TRUSTEE'S RELATIONSHIP

     Citibank has loaned us substantial amounts of money in the past and may
continue to do so. Citibank serves as a depository for us and performs other
services for us in the normal course of business. The Indenture provides that we
will indemnify Citibank against any loss, liability or expense incurred that
arises from the trust created by the Indenture unless the loss, liability or
expense results from Citibank's negligence or bad faith. (Section 607)

GLOBAL SECURITIES

     We may issue some of the Debt Securities as Global Securities that will be
deposited with a depository identified in a prospectus supplement. Global
Securities may be issued in either registered or bearer form and may be either
temporary or permanent. A prospectus supplement will contain additional
information about depository arrangements.

     Registered Global Securities will be registered in the depositary's name or
in the name of its nominee. When we issue a Global Security, the depositary will
credit that amount of Debt Securities to the investors that have accounts with
the depository or its nominee. The underwriters or the Debt Security holders'
agent will designate the accounts to be credited, unless the Debt Securities are
offered and sold directly by Kerr-McGee, in which case, we will designate the
appropriate account to be credited.

                                       10
<PAGE>   27

     Investors who have accounts with a depository, and people who have an
interest in those institutions, are the beneficial owners of Global Securities
held by that particular depository.

     Kerr-McGee will not maintain records regarding ownership or the transfer of
Global Securities held by a depository or to nominee. If you are the beneficial
owner of Global Securities held by a depository, you must get information
directly from the depository.

     As long as a depositary is the registered owner of a Global Security, that
depository will be considered the sole owner of the Debt Securities represented
by that Global Security. Except as set forth below, beneficial owners of Global
Securities held by a depository will not be entitled to:

     - Register the represented Debt Securities in their names;

     - Receive physical delivery of the Debt Securities; or

     - Be considered the owners or holders of the Global Security under the
       Indenture.

     Payments on Debt Securities registered in the name of a depositary or its
nominee will be made to the depositary or its nominee. (Section 203)

     When a depositary receives a payment, it must immediately credit the
accounts in amounts proportionate to the account holders' interests in the
Global Security. The beneficial owners of a Global Security should, and are
expected to, establish standing instructions and customary practices with their
investor that has an account with the depository, so that payments can be made
with regard to securities beneficially held for them, much like securities held
for the accounts of customers in bearer form or registered in "street name."

     A Global Security can only be transferred in whole by the depository to a
nominee of such depository, or to another nominee of a depository.
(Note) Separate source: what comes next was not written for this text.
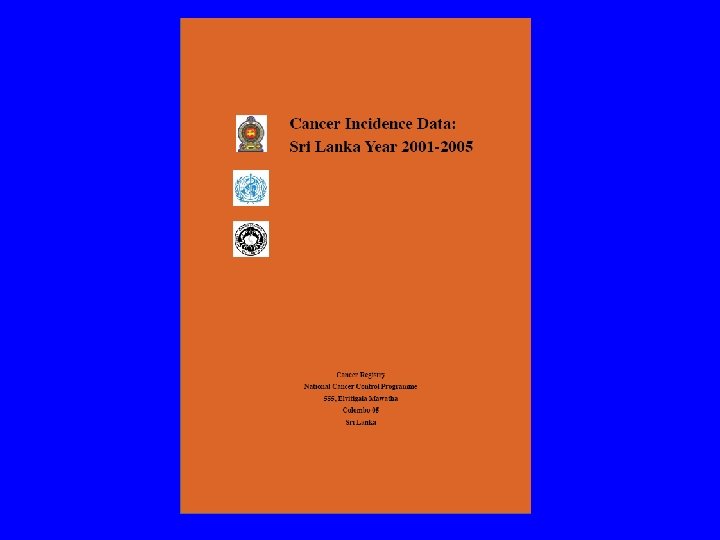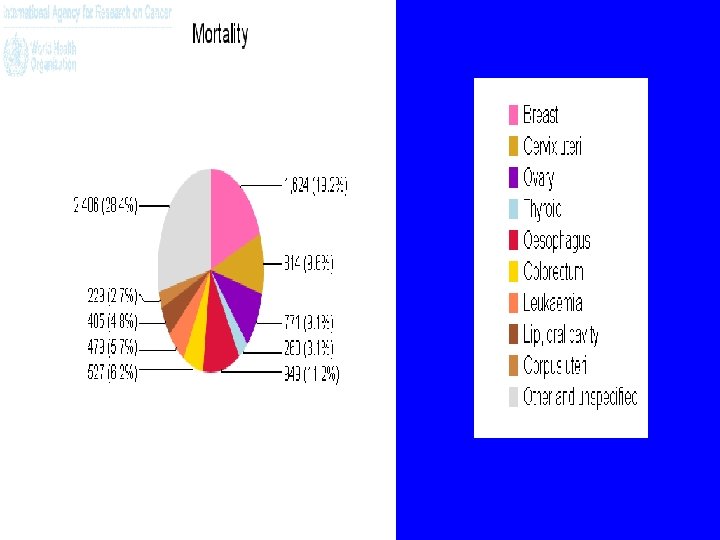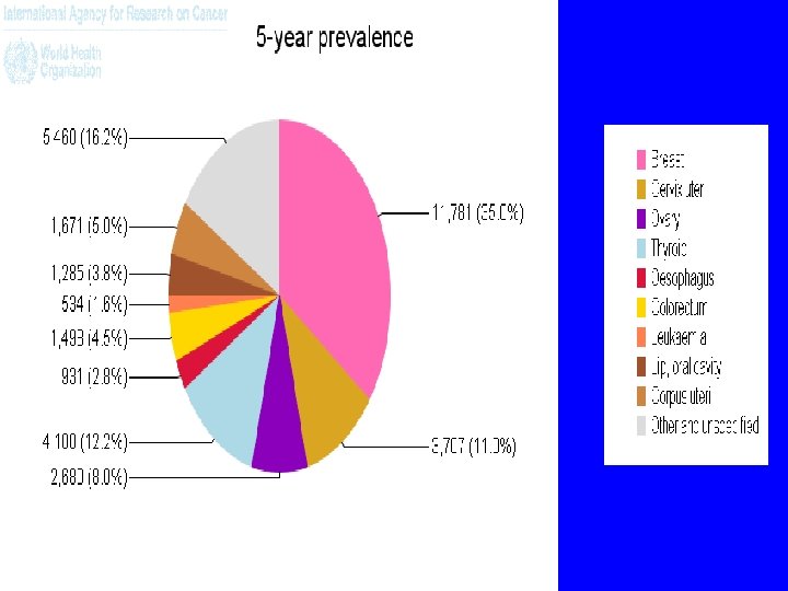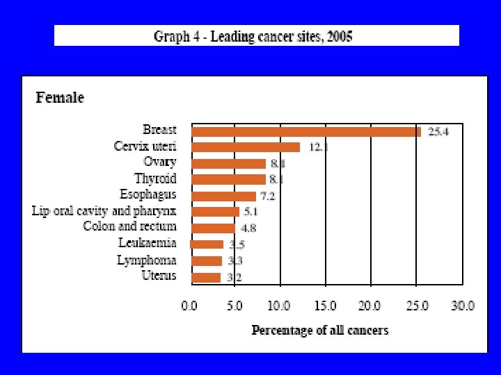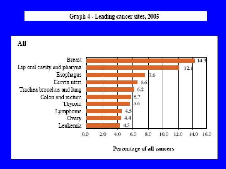 Leading Cancer sites overall (2005) All Site No CR ASR Breast 1908 9. 7 Lip Oral Cavity & Pharynx 1617 8. 2 8. 7 Esophagus 1022 5. 6 Cervix Uteri 881 4. 5 4. 6 Trachea Bronchus & Lungs 832 4. 5 Thyroid 752 3. 8 3. 6 Colon & Rectum 741 3. 8 3. 6 Lymphoma 604 3. 1 3. 3 Ovary 596 3. 0 Leukaemia 570 2. 9 3. 0 13372 67. 9 70. 6 All Sites

If a
depositary is unwilling or unable to continue as a depository and we do not
appoint a successor depository within ninety (90) days, we will issue Debt
Securities in exchange for all of the Global Securities held by that depository.
In addition, we may eliminate all Global Securities at any time and issue Debt
Securities in exchange for them. Further, we may allow a depository to surrender
a Global Security in exchange for Debt Securities on any terms that are
acceptable to us and the depositary. (Section 307)

     If any of these events occur, we will execute and Citibank will
authenticate and deliver to the beneficial owners of the Global Security in
question a new registered security in an amount equal to and in exchange for
that person's beneficial interest in the exchanged Global Security. The
depository will receive a new Global Security in an amount equal to the
difference, if any, between the amount of the surrendered Global Security and
the amount of Debt Securities delivered to the beneficial owners. Debt
Securities issued in exchange for Global Securities will be registered in the
same names and in the same denominations as indicated by the depository's
records and in accordance with the instructions from its direct and indirect
participants. (Section 307)

     The laws of certain jurisdictions require some people who purchase
securities to actually take physical possession of those securities. The
limitations imposed by these laws may impair your ability to transfer your
beneficial interests in a Global Security.

                                       11
<PAGE>   28

                         DESCRIPTION OF PREFERRED STOCK

GENERAL

     Our Certificate of Incorporation authorizes our Board of Directors or a
committee of our Board of Directors to cause Preferred Stock to be issued in one
or more series, without stockholder action. The Board of Directors is authorized
to issue up to 40,000,000 shares of Preferred Stock, $1 par value per share, and
can determine the number of shares of each series, and the rights, preference
and limitations of each series. We may amend the Charter to increase the number
of authorized shares of preferred stock in a manner permitted by the Charter and
the Delaware General Corporation Law.

     The particular terms of any series of preferred stock being offered by us
under this shelf registration will be described in the prospectus supplement
relating to that series of Preferred Stock. Those terms may include:

     - The number of shares of the series of Preferred Stock being offered;

     - The title and liquidation preference per share of that series of the
       Preferred Stock;

     - The purchase price of the Preferred Stock;

     - The dividend rate (or method for determining such rates);

     - The dates on which dividends will be paid;

     - Whether dividends on that series of Preferred Stock will be cumulative or
       noncumulative and, if cumulative, the dates from which dividends shall
       commence to accumulate;

     - Any redemption or sinking fund provisions applicable to that series of
       preferred stock;

     - Any conversion provisions applicable to that series of preferred stock;

     - Whether we have elected to offer Depositary Shares with respect to that
       series of preferred stock; and

     - Any additional dividend, liquidation, redemption, sinking fund and other
       rights and restrictions applicable to that series of preferred stock.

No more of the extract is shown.